Sa voix est tremblante et son accent est d'autant plus marqué.
Je le regarde d'un regard compatissant, touché de le voir dans cet état.

« Un an. »

Il prend une soudaine inspiration, comme s'il avait été en apnée jusque là. Inquiet, j'ai le réflexe de lui serrer la main. Je reprends ensuite :

« Hey, gamin, t'inquiète pas ! C'est fini maintenant, t'es de retour parmi nous et on est là pour toi, Wanda, moi, tout le monde. On laissera plus personne te faire du mal, j'te le promet.»

Je lui souris avec bienveillance et viens tout naturellement le prendre dans mes bras. Il semble une nouvelle fois surpris par mon geste mais vient tout de même se blottir contre moi.
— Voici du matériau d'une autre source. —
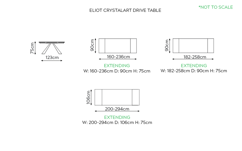 | Size | Extending – W: 160-236cm D: 90cm H: 75cm, Extending – W: 182-258cm D: 90cm H: 75cm, Extending – W: 200-294cm D: 106cm H: 75cm |

Je sens son souffle chaud sur mon épaule quand je viens lui caresser le dos. Qui aurait cru il y a un an que j'aurais pu faire un câlin à ce petit con ? Et dire que j'en avais rêvé pendant toute l'année.. -
Je le sens peu de temps après poser sa tête sur mon épaule, se décontractant un peu. J'ai le sentiment qu'il se laisse enfin pleurer, ce que je pu confirmer rapidement en l'entendant renifler. Je ne sais pas trop pourquoi mais ça me fait sourire. Savoir que ce petit merdeux a des faiblesses et un cœur comme tout le monde le rend plus accessible et donc d'autant plus touchant. - Je ferme les yeux et profite de ce petit moment de calme qui, après tout ce stresse me fait tellement de bien. Au même moment, je me fait la promesse de m'occuper de lui toute ma vie. Après tout, je le lui dois bien.